I’m suggesting .delete() so that existing code is not affected.
I’m dealing with json input from Grinding Gear Games and i’m getting really sick of this:
if gem.get("baseTypeName"):
del gem["baseTypeName"]
if gem["grantedEffect"].get("baseTypeName"):
del gem["grantedEffect"]["baseTypeName"]
if gem["secondaryGrantedEffect"].get("baseTypeName"):
del gem["secondaryGrantedEffect"]["baseTypeName"]
The dictionary is from a json.load()
If the key doesn’t exist, and I’m trying to delete it - why should Python care ??? I certainly don’t.
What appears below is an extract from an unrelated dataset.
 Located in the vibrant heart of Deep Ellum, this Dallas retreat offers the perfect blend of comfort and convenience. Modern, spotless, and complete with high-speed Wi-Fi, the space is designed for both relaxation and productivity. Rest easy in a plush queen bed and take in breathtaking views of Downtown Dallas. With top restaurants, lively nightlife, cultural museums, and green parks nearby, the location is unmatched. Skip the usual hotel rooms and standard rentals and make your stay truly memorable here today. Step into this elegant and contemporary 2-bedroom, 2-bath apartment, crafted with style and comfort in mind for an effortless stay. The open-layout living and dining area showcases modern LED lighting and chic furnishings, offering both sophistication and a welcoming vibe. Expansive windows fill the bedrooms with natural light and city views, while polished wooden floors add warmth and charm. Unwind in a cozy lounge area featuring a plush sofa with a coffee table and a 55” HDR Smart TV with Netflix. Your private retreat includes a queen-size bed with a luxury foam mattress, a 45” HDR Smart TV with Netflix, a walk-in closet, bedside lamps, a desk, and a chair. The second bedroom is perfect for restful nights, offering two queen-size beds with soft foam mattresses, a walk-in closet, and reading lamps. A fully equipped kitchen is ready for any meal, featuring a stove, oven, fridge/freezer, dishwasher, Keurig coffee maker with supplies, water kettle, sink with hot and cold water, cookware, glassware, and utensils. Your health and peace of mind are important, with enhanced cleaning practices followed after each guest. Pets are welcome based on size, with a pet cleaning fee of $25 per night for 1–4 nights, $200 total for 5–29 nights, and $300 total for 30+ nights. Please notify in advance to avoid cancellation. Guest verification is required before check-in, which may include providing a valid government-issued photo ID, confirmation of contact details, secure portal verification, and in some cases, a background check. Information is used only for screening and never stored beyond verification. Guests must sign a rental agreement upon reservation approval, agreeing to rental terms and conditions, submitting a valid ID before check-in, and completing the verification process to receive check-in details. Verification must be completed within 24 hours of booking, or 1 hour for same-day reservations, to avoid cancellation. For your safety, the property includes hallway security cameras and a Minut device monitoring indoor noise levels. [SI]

It may not have much use case from point of view but those of us who can create cleaner code with it, will make a big deal out of it.
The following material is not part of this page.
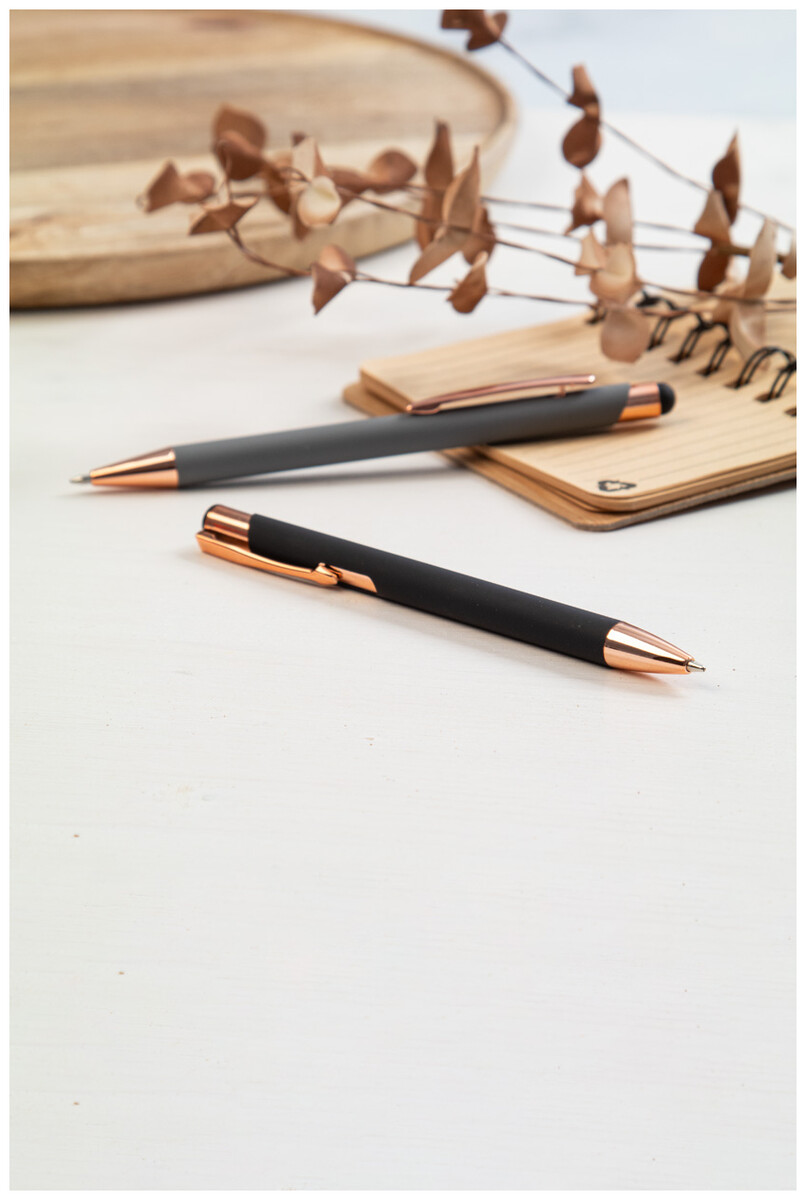 Kuličkové pero z recyklovaného hliníku s pogumovaným povrchem a detaily v barvě růžového zlata. Se speciální povrchovou úpravou pro zrcadlové laserové gravírování v barvě růžového zlata. S modrou náplní.

I think it is an easy add-on for you (most of the code is already there) and it would be good it you could add it into the next patch python 3.11.8 or 3.11.9 if it’s coming.
I say 3.11 as 3.12 doesn’t work on my application which is still developing and I’m not interested in debugging for 3.12 yet.
thanks very much
hoping you take this seriously
Peter
PS: why can’t I add dictionary and delete as tags ???
Just for future reference, features don’t get added to patch releases, that’s just not how software development lifecycles work. The earliest something new could be added to Python is 3.13, and even that would be pushing it for most things that haven’t already been decided on.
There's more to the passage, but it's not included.